Word2vec is a set of models used to produce word embeddings, that is, the creation of a high dimensional vector space (usually hundreds of dimensions) in which each individual word is a vector (or a coordinate). This space is designed to have the property that words occurring in similar contexts in the source corpora appear close to each other in the space. Not only do these spaces allow for similar words to appear in clusters, but the algorithm preserves certain semantic relationships in a remarkable fashion (e.g. the vector that leads to a singular to a plural form of a noun remains stable throughout the space, as does the masculine/feminine versions of entities, etc.).

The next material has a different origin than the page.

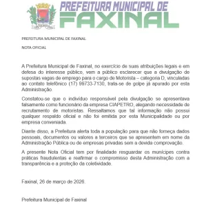 Golpista que agiu recentemente em Jardim Alegre tenta aplicar o golpe da “Vaga de Emprego” em Faxinal 26 de março de 2026 Ler notícia

This Stanford lecture provides a comprehensive introduction to the model:

Allison Parish integrated these models into her practice (see this post, with some exciting research into phonetic similarity vectors. Her ‘Average Novel’, using word2vec to produce ‘average words’ (averaging vector values) from a large corpus of Gutenberg fiction, left me a little disappointed, and I think there is more work and exploration to be made using these models on a semantic level.

I already experimented with Word2Vec when trying to produce visalisations of various features in wordsquares. However, I haven’t really used them for creative purposes yet (one could imagine, for instance, various ways in which one could trace paths, or create shapes, in the space, hopping from cluster to cluster using certain predefined steps…).